Identification of a combined lncRNA prognostic signature and knockdown of lncRNA MANCR to inhibit progression of clear cell renal cell carcinoma by bioinformatics analysis

Sheng Xue; Hanxu Guo; Shibo Wei; Yuan Song; Junfeng Huang; Shuo Deng; Qingwen Li; Wenyong Li

doi:10.21037/tau-22-527

Identification of a combined lncRNA prognostic signature and knockdown of lncRNA MANCR to inhibit progression of clear cell renal cell carcinoma by bioinformatics analysis

Transl Androl Urol. 2022 Sep;11(9):1304-1317. doi: 10.21037/tau-22-527.

Authors

Sheng Xue^#¹, Hanxu Guo^#², Shibo Wei³, Yuan Song¹, Junfeng Huang¹, Shuo Deng¹, Qingwen Li¹, Wenyong Li¹

Affiliations

¹ Department of Urology, The First Affiliated Hospital of Bengbu Medical College, Bengbu, China.
² School of Clinical Medicine, Bengbu Medical College, Bengbu, China.
³ School of Anesthesiology, Bengbu Medical College, Bengbu, China.

^# Contributed equally.

Abstract

Background: Long non-coding RNAs (lncRNAs) have become potential therapeutic targets or promising prognostic biomarkers in cancers. However, individual gene does not show sufficient prognostic value for clear cell renal cell carcinoma (ccRCC). Therefore, this study aims to develop a combined prognostic lncRNA signature to the prognosis of ccRCC.

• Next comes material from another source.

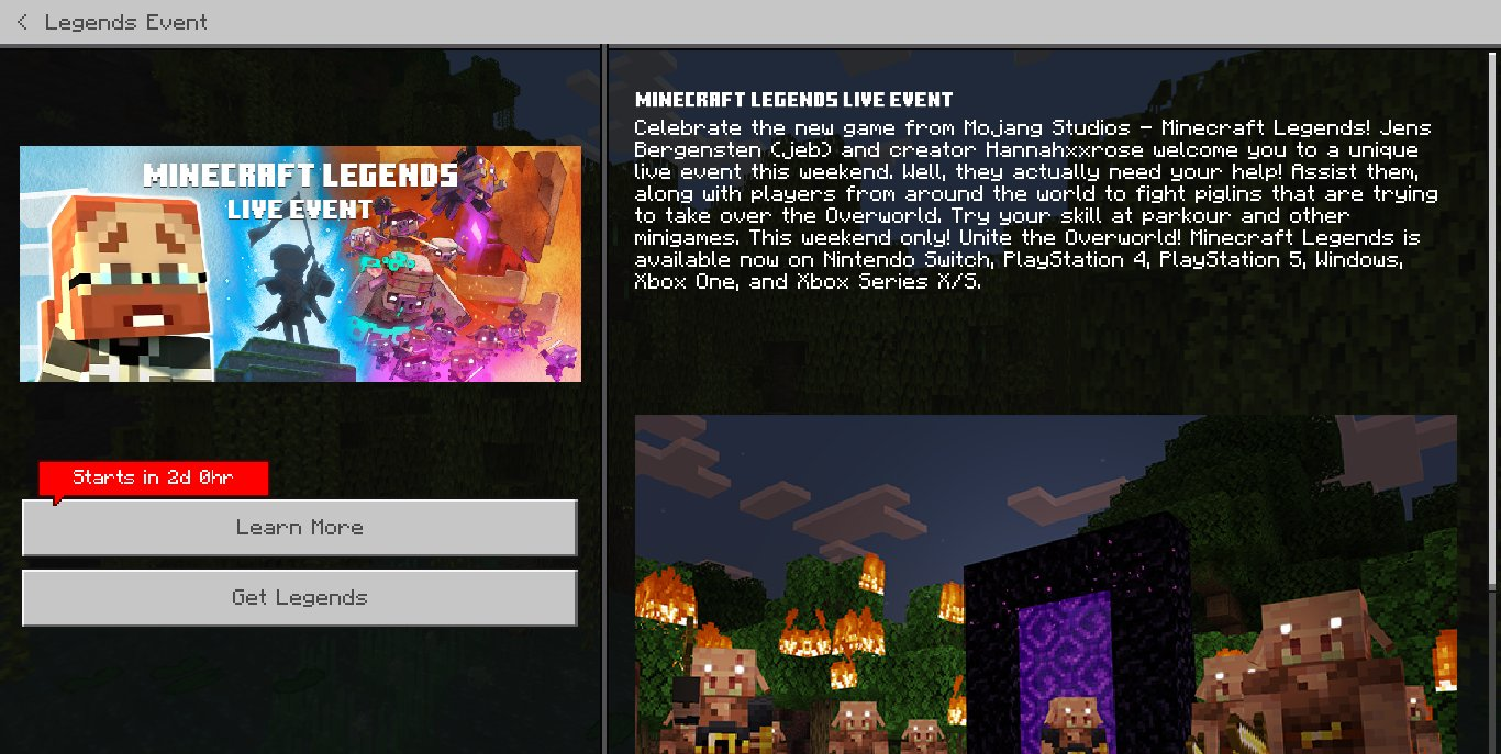 The Minecraft Legends Live Event was an in-game event server where players could experience a recreation of Minecraft Legends.

Methods: The transcriptome profiling data for confirmed ccRCC cases were obtained from The Cancer Genome Atlas (TCGA; https://portal.gdc.cancer.gov/). The prognostic significance, survival time and diagnostic effectiveness of the lncRNAs in ccRCC was evaluated using Kaplan-Meier method, the log-rank test and receiver operating characteristic (ROC) curves, respectively. The area under the ROC curve (AUC) of the 4 lncRNAs was also performed. The expression of mitotically-associated lncRNA (MANCR) was measured in ccRCC cells or tissues by reverse transcription quantitative polymerase chain reaction (RT-qPCR). Both Colony formation assays and Cell Counting Kit-8 (CCK-8) assay was conducted to detect the proliferation of both 786-O and SN12C cells. For apoptosis detection, flow cytometry in both 786-O and SN12C cells was performed. For migration of 786-O and SN12C cells detection, wound healing and transwell assays were performed.

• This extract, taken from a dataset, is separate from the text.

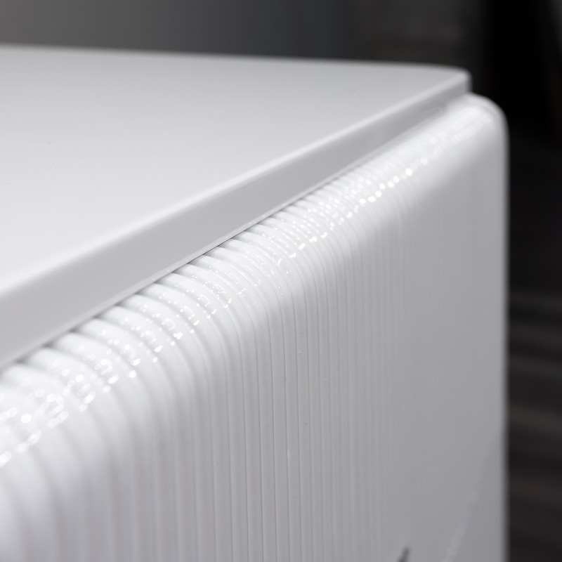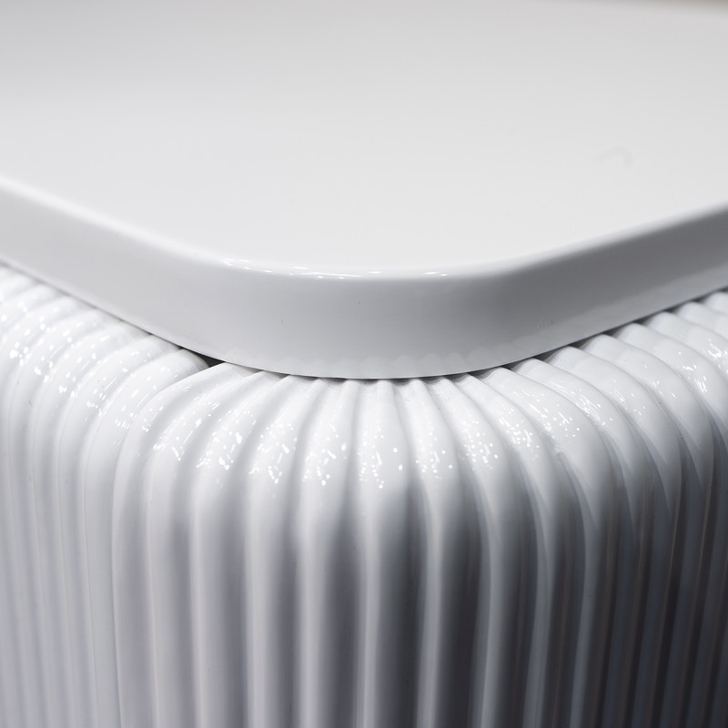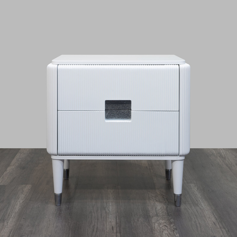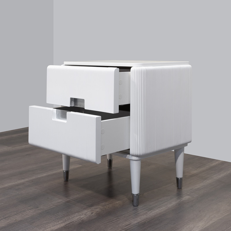 Прикроватная тумбочка от итальянского бренда Fratelli Barri. Закругленная форма и рифленые фасады выглядят очень актуально. Ножки прямые круглые, зауженные к низу. На ножках металлические колпачки. У тумбочки 2 ящика. Ручка - выемка на фасаде. Вставка за ручкой - металлическая пластина. Отделка - белый глянцевый лак. Выполнена из массива дерева и высококачественного МДФ класса Е1. Цвет фурнитуры - хром. Ящики оснащены доводчиками для плавного закрывания. Дно ящиков декорировано черной бархатной тканью. Данный предмет является частью коллекции Rimini. Вы можете оформить гостиную, столовую, спальню, кабинет и другие комнаты Вашего дома в едином стиле.

Results: A total of 1,567 differentially expressed lncRNAs in ccRCC were discerned with 1,340 upregulation and 227 downregulation. Furthermore, a 4-lncRNA signature (FIRRE, MANCR, AC103706.1, and AC018648.1) model was obtained that showed good performance in the prognosis of ccRCC. Gene Ontology (GO) analysis showed that these protein-coding genes (PCGs) were mainly enriched in ATPase activity, catalytic activity, and acting on RNA protein serine/threonine kinase activity. Kyoto Encyclopedia of Genes and Genomes (KEGG) pathway analysis showed that PCGs were mainly involved in endocytosis, oocyte meiosis and spliceosome. In addition, we revealed that MANCR was highly expressed in ccRCC cells and tissues and downregulation of MANCR inhibited cell proliferation and migration. In contrast, apoptosis of 786-O and SN12C cells was promoted with MANCR suppression.

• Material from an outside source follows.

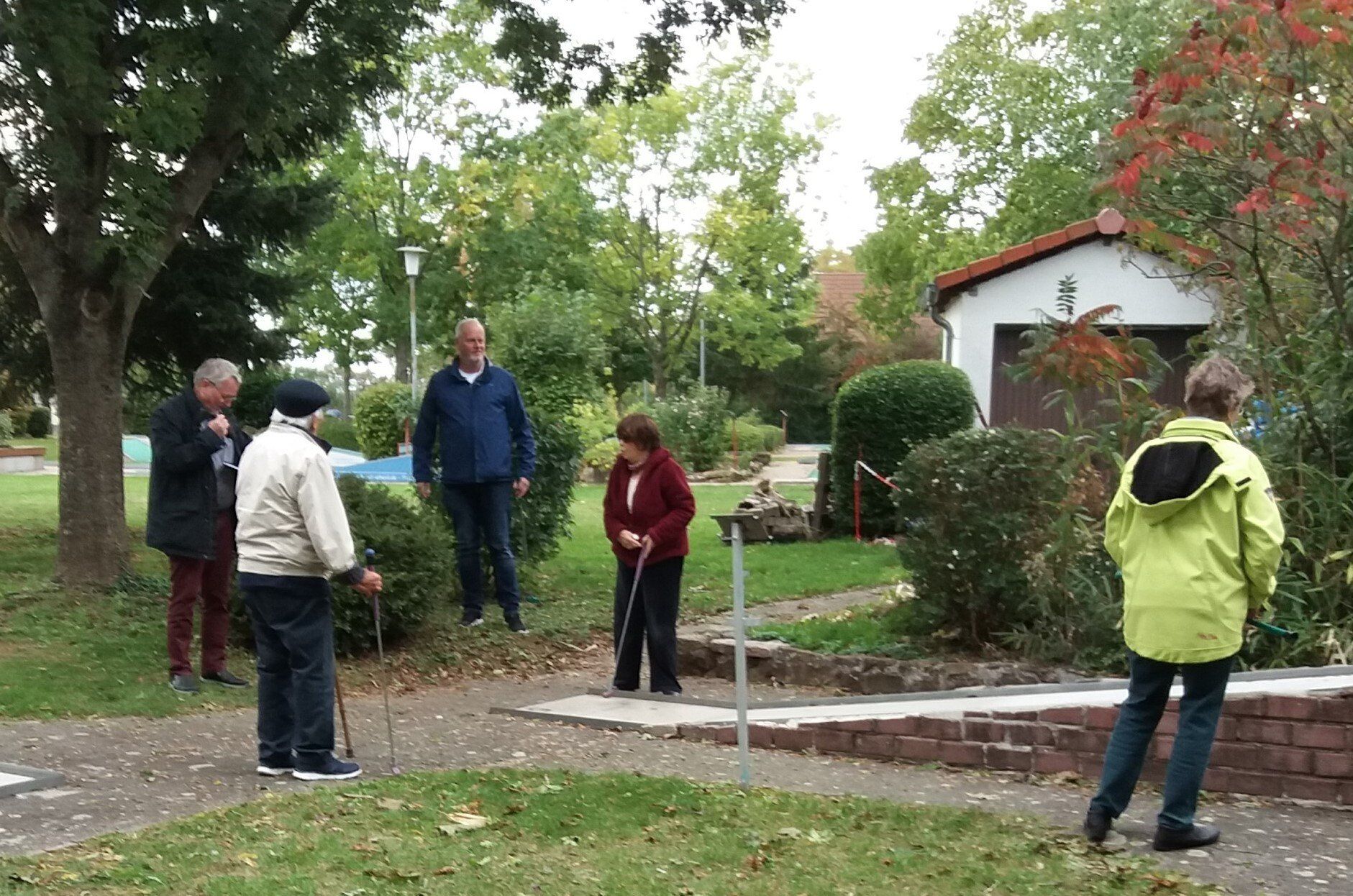 Mit dem jahreszeitbedingten Schließen der Anlage des Minigolfclubs Schriesheim (MCS) ist nun leider erst einmal eine gute Gelegenheit, sich sportlich zu betätigen, für dieses Jahr zu Ende gegangen. Viele Mitglieder des Arbeitskreises Schriesheimer Senioren (ASS) hatten sich dort gerne zum Minigolf-Spielen getroffen. Dabei war nicht nur wichtig, sich dabei leicht sportlich zu betätigen und damit auch seiner Gesundheit etwas Gutes zu tun, sondern vor allem war es ein Anlass, mal wieder miteinander etwas zu unternehmen, zu diskutieren, neue Vorhaben zu besprechen und sogar nach dem Spiel noch gemütlich zusammenzusitzen. Außerdem konnten wir feststellen, dass es sich tatsächlich bemerkbar machte, dass wir uns jetzt schon das 2. Jahr regelmäßig zum Minigolf-Spielen getroffen haben und dadurch schon etwas zielsicherer spielen konnten als bisher. So gab es deutlich weniger Fehlversuche beim Einlochen der Minigolfbälle und damit natürlich bessere Ergebnisse am Spielende. Da wir immer mit viel Freude dabei waren, hoffen wir nun, dass wir uns in der nächsten Saison wieder zum Spielen beim MCS treffen können.

Conclusions: A 4-lncRNA prognostic model that presented good performance for prognosis of ccRCC patients was established. Knockdown of MANCR inhibited cell proliferation and migration, and promoted apoptosis of 786-O and SN12C cells, suggesting that a 4-lncRNA signature model might be an essential for ccRCC prognosis.

Keywords: Clear cell renal cell carcinoma (ccRCC); mitotically-associated lncRNA (MANCR); prognosis.